Exercise requirements: Repeat the lines below exactly as written, please, from the line with "L'achillée millefeuille est" to the line with "Lorus Kids RRX41EX9.", both lines included, and no others.

Data excerpts:
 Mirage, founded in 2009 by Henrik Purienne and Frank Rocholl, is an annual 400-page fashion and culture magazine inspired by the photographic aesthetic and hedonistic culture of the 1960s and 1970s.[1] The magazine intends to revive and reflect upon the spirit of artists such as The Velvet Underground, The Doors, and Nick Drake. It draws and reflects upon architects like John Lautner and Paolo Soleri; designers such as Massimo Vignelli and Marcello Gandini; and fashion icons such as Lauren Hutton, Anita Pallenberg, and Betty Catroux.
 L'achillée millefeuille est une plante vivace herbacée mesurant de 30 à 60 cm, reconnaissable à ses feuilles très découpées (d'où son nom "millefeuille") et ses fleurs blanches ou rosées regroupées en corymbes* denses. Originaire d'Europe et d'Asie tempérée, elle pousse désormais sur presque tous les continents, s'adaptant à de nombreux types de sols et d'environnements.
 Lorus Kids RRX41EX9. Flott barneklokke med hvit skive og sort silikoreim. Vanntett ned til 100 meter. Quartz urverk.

--

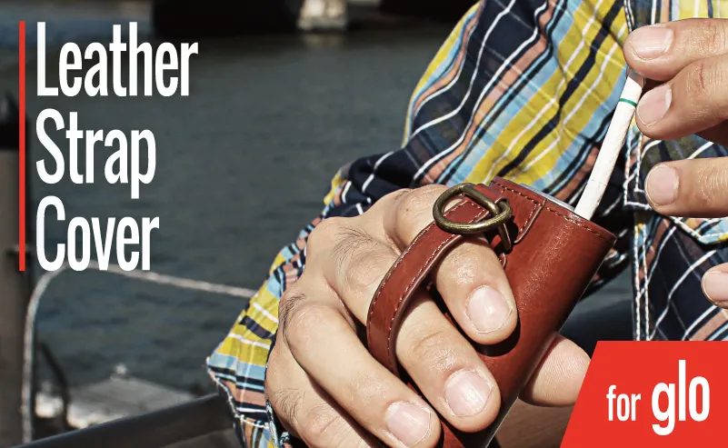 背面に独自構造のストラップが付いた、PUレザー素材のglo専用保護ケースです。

Written solution:
 L'achillée millefeuille est une plante vivace herbacée mesurant de 30 à 60 cm, reconnaissable à ses feuilles très découpées (d'où son nom "millefeuille") et ses fleurs blanches ou rosées regroupées en corymbes* denses. Originaire d'Europe et d'Asie tempérée, elle pousse désormais sur presque tous les continents, s'adaptant à de nombreux types de sols et d'environnements.
 Lorus Kids RRX41EX9. Flott barneklokke med hvit skive og sort silikoreim. Vanntett ned til 100 meter. Quartz urverk.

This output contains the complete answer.